*Prompt*
Taking the data below, please print only the lines from the line holding "Struttura letto marrone" to the line holding "뽕도사님과 길도사님의 오늘, 내일, 주간, 월간", inclusive, with pictures omitted.

*Data for this task*
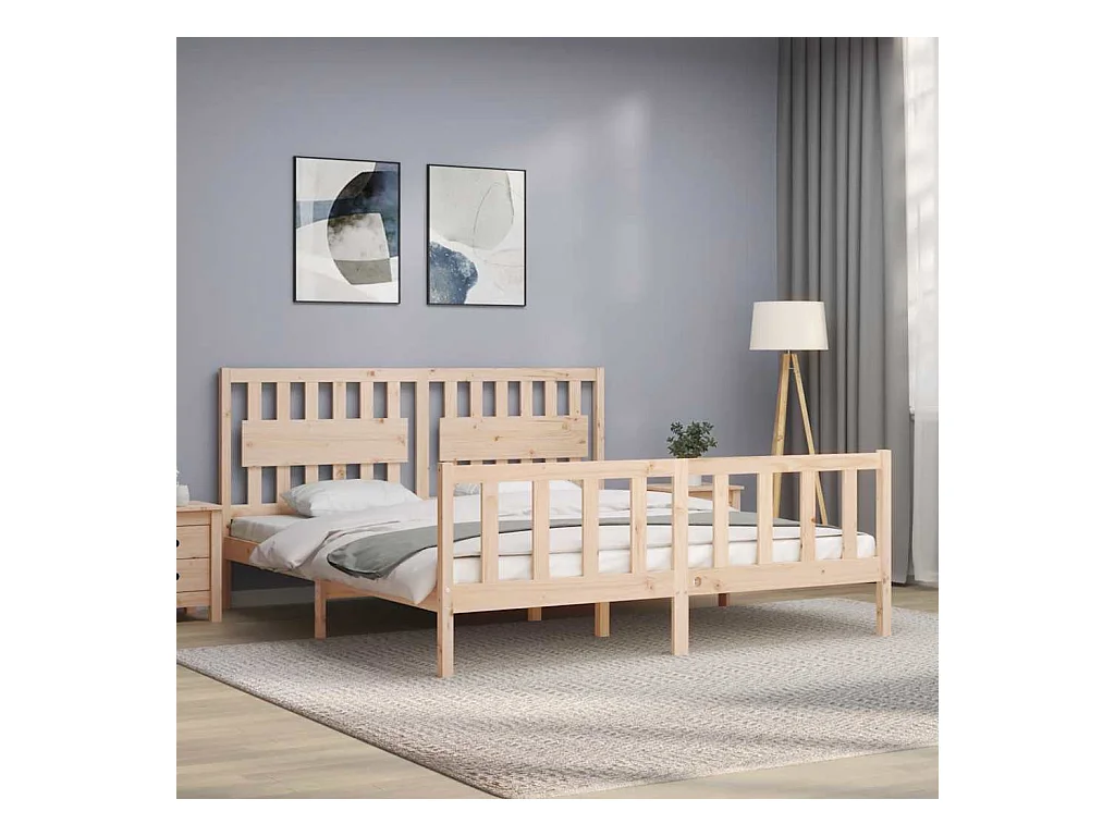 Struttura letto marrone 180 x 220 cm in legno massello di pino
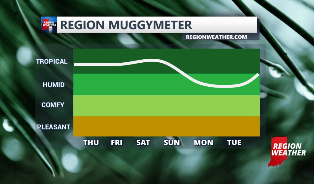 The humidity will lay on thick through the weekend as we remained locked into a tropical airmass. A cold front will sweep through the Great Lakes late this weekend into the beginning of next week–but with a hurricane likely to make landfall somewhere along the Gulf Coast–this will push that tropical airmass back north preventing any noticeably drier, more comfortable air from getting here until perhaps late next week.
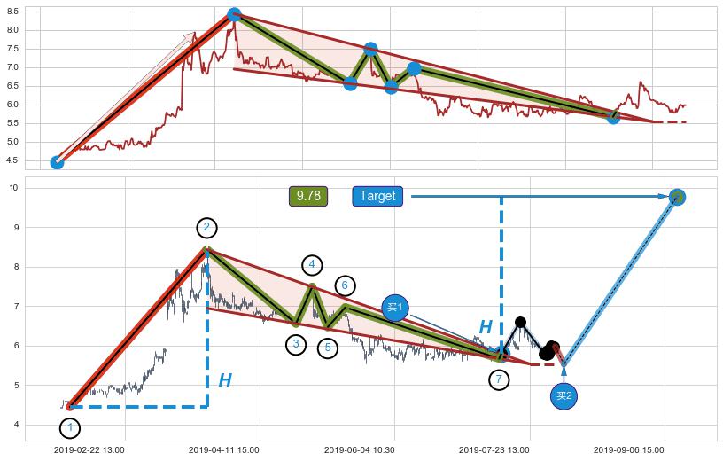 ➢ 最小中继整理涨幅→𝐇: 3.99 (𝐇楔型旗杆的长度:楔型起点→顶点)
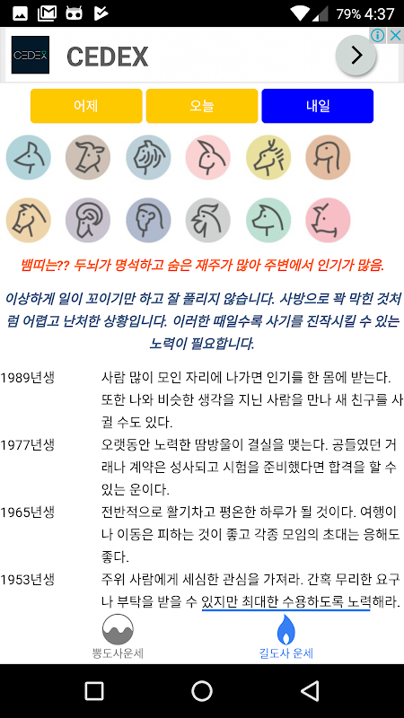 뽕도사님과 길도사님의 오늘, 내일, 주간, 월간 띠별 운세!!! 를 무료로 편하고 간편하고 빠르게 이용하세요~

* * *

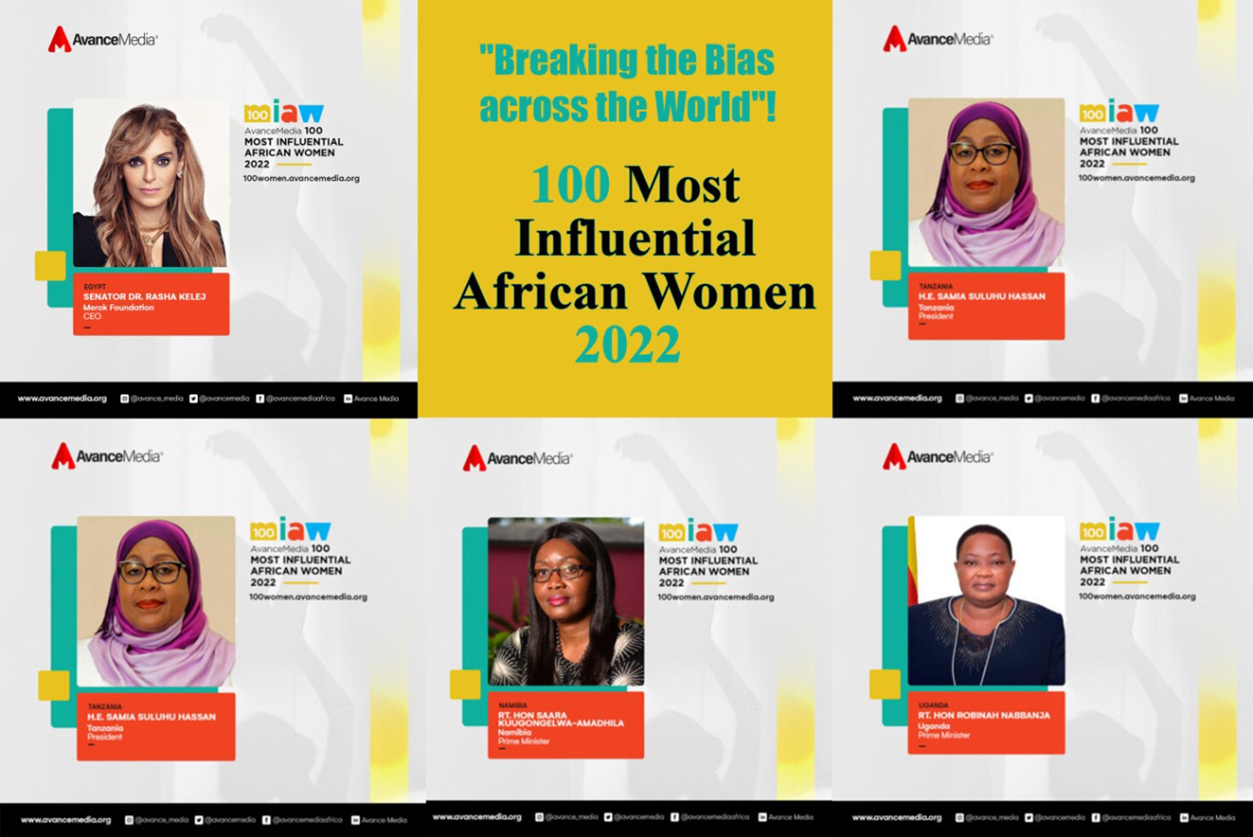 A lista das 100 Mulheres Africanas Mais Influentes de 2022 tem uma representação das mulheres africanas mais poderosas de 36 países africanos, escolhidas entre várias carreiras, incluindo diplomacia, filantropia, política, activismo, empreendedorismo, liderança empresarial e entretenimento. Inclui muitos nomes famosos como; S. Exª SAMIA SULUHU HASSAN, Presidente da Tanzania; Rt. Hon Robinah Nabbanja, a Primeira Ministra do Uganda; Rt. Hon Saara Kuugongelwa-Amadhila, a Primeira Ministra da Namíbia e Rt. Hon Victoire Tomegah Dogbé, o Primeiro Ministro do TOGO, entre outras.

---

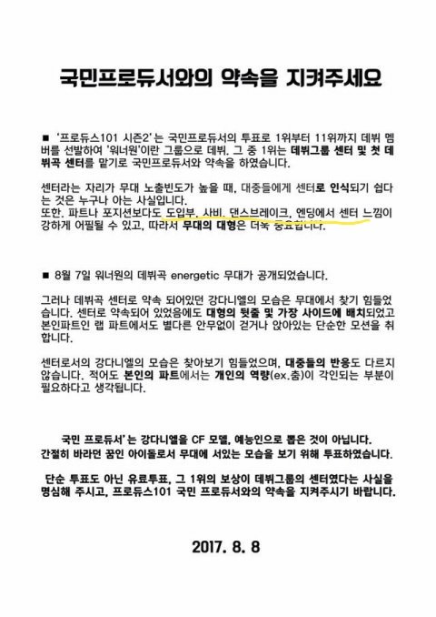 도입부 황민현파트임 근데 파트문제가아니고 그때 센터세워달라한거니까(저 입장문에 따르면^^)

*Answer box*
 Struttura letto marrone 180 x 220 cm in legno massello di pino
 The humidity will lay on thick through the weekend as we remained locked into a tropical airmass. A cold front will sweep through the Great Lakes late this weekend into the beginning of next week–but with a hurricane likely to make landfall somewhere along the Gulf Coast–this will push that tropical airmass back north preventing any noticeably drier, more comfortable air from getting here until perhaps late next week.
 ➢ 最小中继整理涨幅→𝐇: 3.99 (𝐇楔型旗杆的长度:楔型起点→顶点)
 뽕도사님과 길도사님의 오늘, 내일, 주간, 월간 띠별 운세!!! 를 무료로 편하고 간편하고 빠르게 이용하세요~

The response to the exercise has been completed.